## Task details
Reproduce exactly, and only, the lines of the material below running from the line bearing "em Manaus e" through the line bearing "Wasserkraftanlagen der Schweiz". Leave any pictures out.

*** Opening Extracted data ***

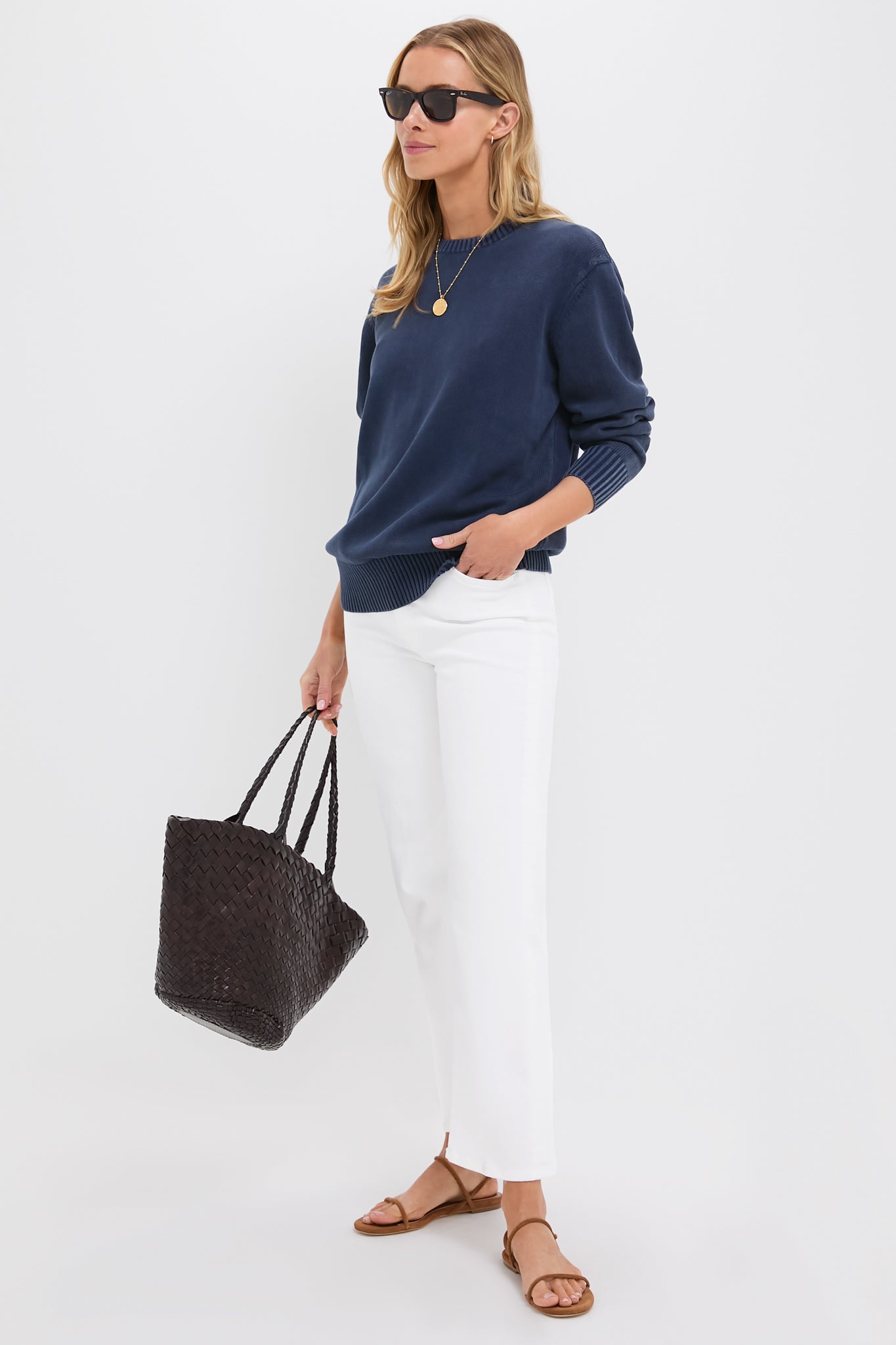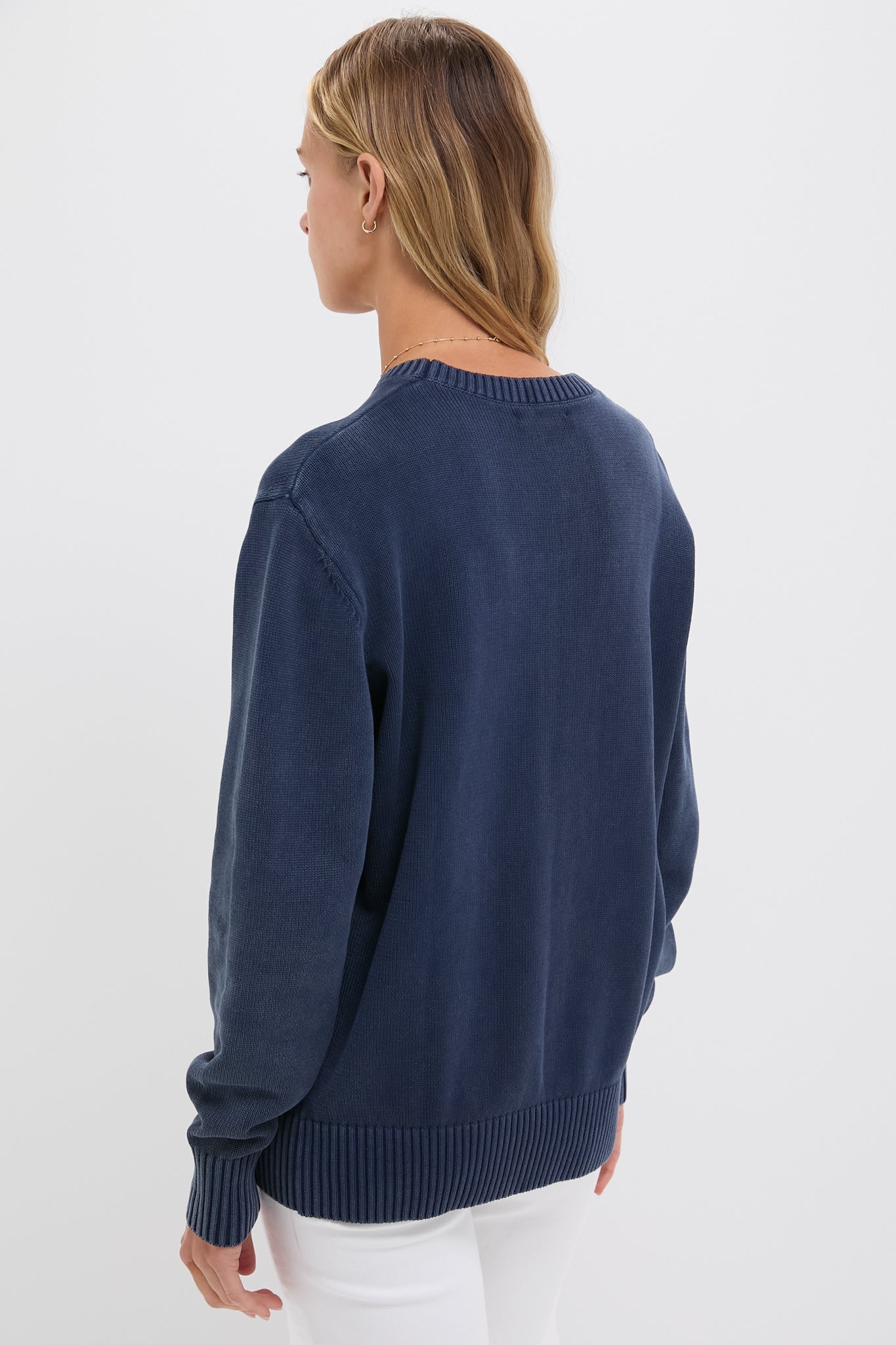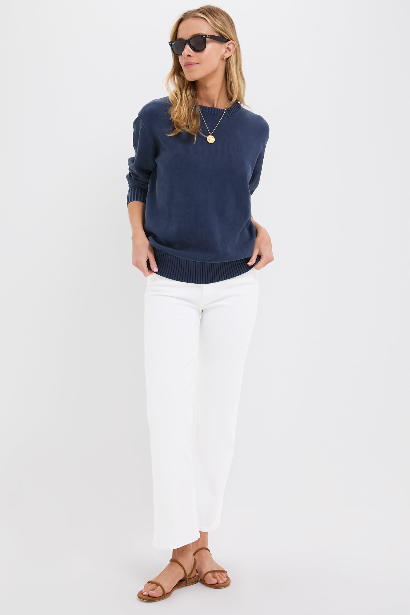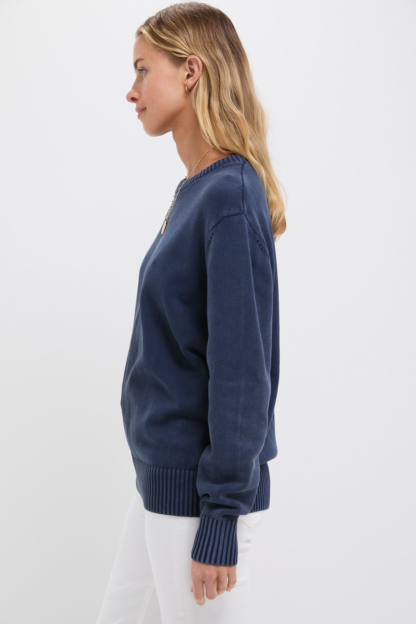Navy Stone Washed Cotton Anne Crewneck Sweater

*** Closing Extracted data ***
*** Opening Extracted data ***

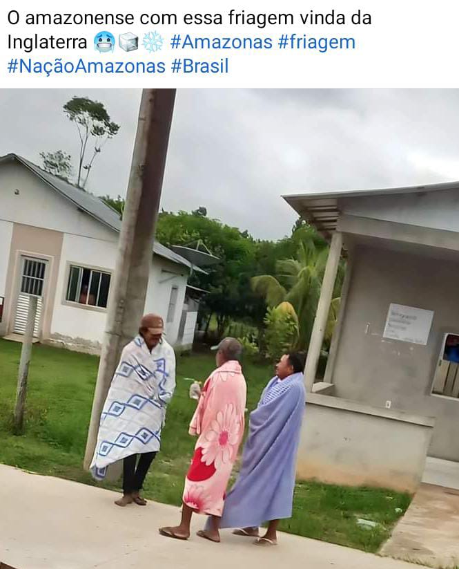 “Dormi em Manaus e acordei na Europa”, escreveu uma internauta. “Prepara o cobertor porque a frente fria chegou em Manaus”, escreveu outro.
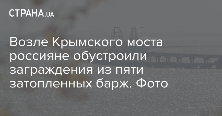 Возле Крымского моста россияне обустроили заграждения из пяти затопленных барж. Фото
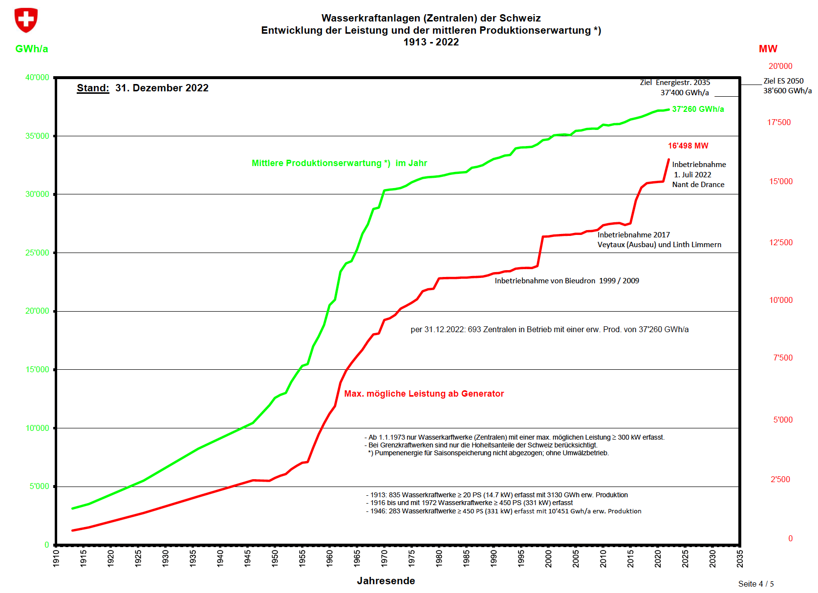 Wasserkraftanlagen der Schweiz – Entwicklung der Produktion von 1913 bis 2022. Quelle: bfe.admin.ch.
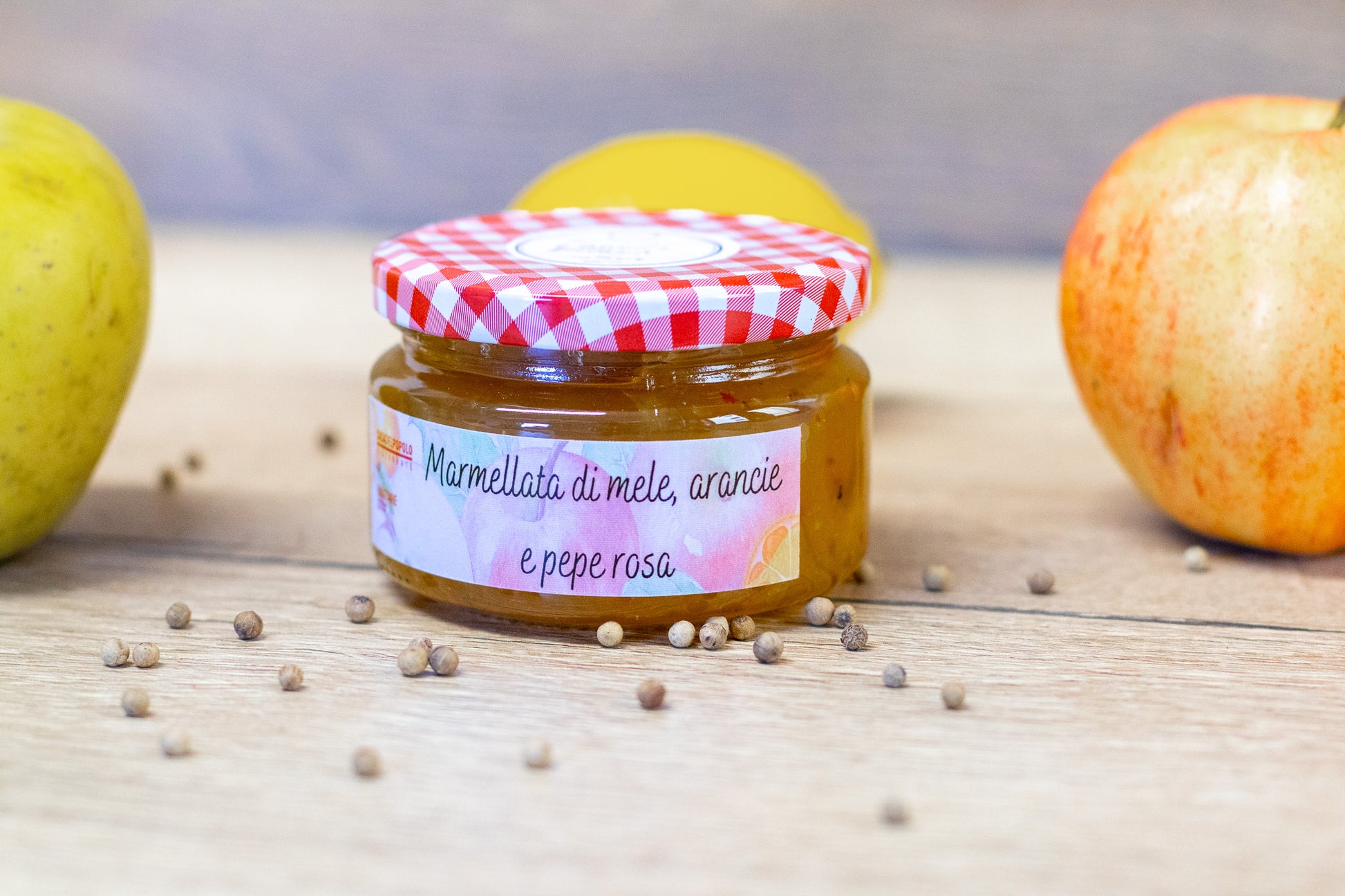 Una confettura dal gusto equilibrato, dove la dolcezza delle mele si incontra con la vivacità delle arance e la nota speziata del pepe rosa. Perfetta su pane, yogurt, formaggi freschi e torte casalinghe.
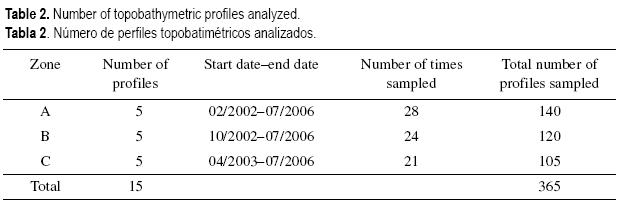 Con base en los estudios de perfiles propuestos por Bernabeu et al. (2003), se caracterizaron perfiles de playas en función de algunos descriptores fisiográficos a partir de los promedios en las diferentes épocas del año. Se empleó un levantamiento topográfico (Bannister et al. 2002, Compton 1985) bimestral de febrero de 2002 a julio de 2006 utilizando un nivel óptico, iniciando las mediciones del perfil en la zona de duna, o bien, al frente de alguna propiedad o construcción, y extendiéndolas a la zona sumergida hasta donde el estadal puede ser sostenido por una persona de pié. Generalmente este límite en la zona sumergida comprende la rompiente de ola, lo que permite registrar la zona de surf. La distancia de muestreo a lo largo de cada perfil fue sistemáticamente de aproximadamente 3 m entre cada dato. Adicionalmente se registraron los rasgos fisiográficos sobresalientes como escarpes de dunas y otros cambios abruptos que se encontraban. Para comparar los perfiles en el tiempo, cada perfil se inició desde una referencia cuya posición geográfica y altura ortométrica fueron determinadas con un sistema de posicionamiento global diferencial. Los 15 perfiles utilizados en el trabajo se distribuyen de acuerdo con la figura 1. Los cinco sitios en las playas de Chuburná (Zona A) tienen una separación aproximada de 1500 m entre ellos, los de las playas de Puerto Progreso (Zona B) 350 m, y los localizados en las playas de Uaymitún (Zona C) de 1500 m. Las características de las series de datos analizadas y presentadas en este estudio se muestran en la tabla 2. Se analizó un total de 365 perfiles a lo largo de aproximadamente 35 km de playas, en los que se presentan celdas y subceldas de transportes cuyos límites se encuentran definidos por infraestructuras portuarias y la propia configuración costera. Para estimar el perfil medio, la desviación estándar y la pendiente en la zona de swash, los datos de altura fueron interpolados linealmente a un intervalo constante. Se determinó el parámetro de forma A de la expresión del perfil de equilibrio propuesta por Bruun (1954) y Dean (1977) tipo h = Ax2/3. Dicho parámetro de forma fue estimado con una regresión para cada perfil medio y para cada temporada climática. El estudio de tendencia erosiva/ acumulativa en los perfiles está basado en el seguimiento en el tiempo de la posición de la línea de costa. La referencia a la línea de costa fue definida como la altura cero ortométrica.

*** Closing Extracted data ***

## Written answer
 “Dormi em Manaus e acordei na Europa”, escreveu uma internauta. “Prepara o cobertor porque a frente fria chegou em Manaus”, escreveu outro.
 Возле Крымского моста россияне обустроили заграждения из пяти затопленных барж. Фото
 Wasserkraftanlagen der Schweiz – Entwicklung der Produktion von 1913 bis 2022. Quelle: bfe.admin.ch.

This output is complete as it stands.